Cory Weaver

Washington National Opera premiered the final production of its 2024-2025 season Friday night with a revival of a well-tested Porgy and Bess production from Artistic Director Francesca Zambello. If Porgy is serving as a crowd-pleasing closer here — a quasi-musical for a company that has bucked that trend so far — that doesn’t lessen the huge dramatic and musical demands of this singular work, demands that WNO met with an impressively well-rounded production.

The strong set of principals assembled here was led by the Porgy of Michael Sumuel. There is an irresistible quality in how the almost rough, granitic texture of Sumuel’s bass-baritone blossoms in Porgy’s lyrical passages, a mirror of the duality between his marginal status in this society and rich inner life. Sumuel was captivating in Porgy’s signature moments like when Bess tells him that she would rather be with him than Crown, his sound gaining steel as the knowledge of Bess’s love instantly becomes the central fact of his life.

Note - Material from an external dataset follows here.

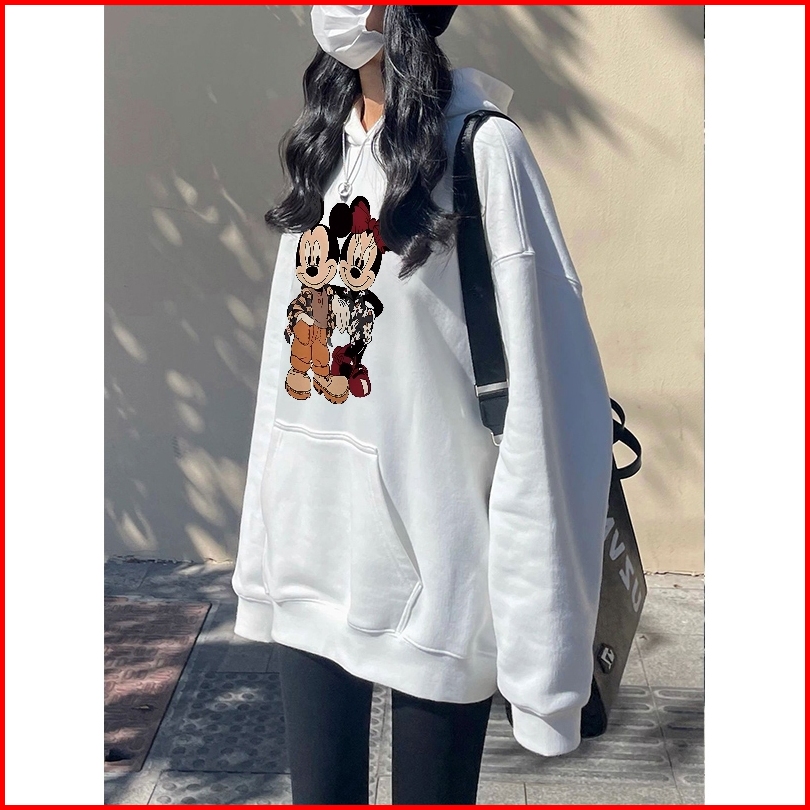 Forteid Oversize Hoodie Wanita Korean Style Oversize Hoodie Sweater Cetakan Mickey Mouse Baju Wanita Kekinian Baju Wanit

The chief weapon in Brittany Renee’s vocal arsenal was a golden bloom in the upper register which she used time and again to cut directly to Bess’s emotional core. Bess’s confrontation with Crown on Kittiwah Island was played with a harrowing intensity, while her confession to Porgy that she isn’t decent enough for him was raw and heartbreaking. She had less presence further down the staff, however, which was problematic earlier in the role, before the friendlier lyrical music begins, and contributed to a scattered introduction for Bess.

Kenneth Kellogg, a former WNO young artist who has had a long association with the company, was a supremely menacing Crown. His cavernous bass had an athletic quality that effectively imposed itself on the ensembles Crown terrorizes, though his stamina flagged a bit under the pressures of Crown’s expansive final storm scene against the full chorus. Towering over the rest of the cast, this was an impressive physical performance as well, Kellogg ranging about the stage with an impunity that made clear no one was safe from his grasp.

Amber Monroe’s blistering rendition of “My man’s gone now” was the first great musical highpoint of the show. Another returning WNO young artist, Monroe brought a complete vocal package to bear on the standard, with an urgent, wailing top anchored to a resonant chest voice. Here and in Serena’s prayer over Bess, Monroe leaned into idiomatic vocal effects in way that added extra immediacy and color to the vocal performance.

Tenor Chauncey Packer did much to shore up the musical theatre elements of this Porgy with his turn as a flamboyant and malevolent Sportin’ Life, a bright, cutting tenor and vivid characterization enlivening ensembles and the catchy “Ain’t necessarily so.” Denyce Graves added some veteran star power, happily making a meal of Catfish Row matron Maria, though at times she seemed to be pushing a bit at the limits of what her current vocal estate would allow.

Cory Weaver

As young mother Clara, current WNO young artist Viviana Goodwin dispatched her opening “Summertime” with an attractive, high-lying soprano, though she seemed a bit cautious for opening night, reinforced by comparison with Bess’s show-stopping reprisal later on. Baritone Benjamin Taylor brought an appealing core sound to husband Jake, though he lost power in the lower end of the role.

Kwamé Ryan and the WNO Orchestra delivered a weighty reading of George Gershwin’s score, particularly in the work’s surging emotional high points and elaborate ensemble set pieces which came off with clarity and direction. The jazz material was integrated efficiently but didn’t quite achieve the feeling of riotous combination possible in the passages where it figures most prominently, leaving material like the opening series of scenes feeling a bit routine. Responsive dynamics from the WNO Chorus added depth and shape in places like the funeral and storm scenes.

The reasons for the staying power of this production, which first appeared at WNO in 2005 and has been widely seen around the U.S., are clear. Zambello is delivering straight-down-the-middle, broadly appealing theater here, creating a Porgy designed for and eminently comfortable in the opera house. Catfish row teems with incident and big crowd scenes have a sense of scale and flow, including memorable flourishes like the drowning of Jake and Clara above the assembled chorus or the stirring finale exit for Porgy. A small corps of dancers and light choreography for the chorus gives a sense of occasion to the bigger choral set pieces without crossing the line into full blown musical theater numbers. Some unfocused patches crop up here and there, like Porgy’s awkward killing of Crown, but by and large the production strikes an impressive balance of the intimate and epic.

The durable appeal of the physical production is a big part of the success, offering a timeless vision of Catfish Row at once dilapidated and filled with color. Sets by Peter J. Davison deliver a monumental framework commensurate with Porgy’s scale, especially in the impressive abandoned theme park for Kittiwah Island. Mark McCullough’s original lighting design (A.J. Guban is also credited for this revival) brings the set to life with brilliant yet natural warmth to evoke the coastal milieu and contributes much to the dramatic stage pictures that punctuate the show’s big moments.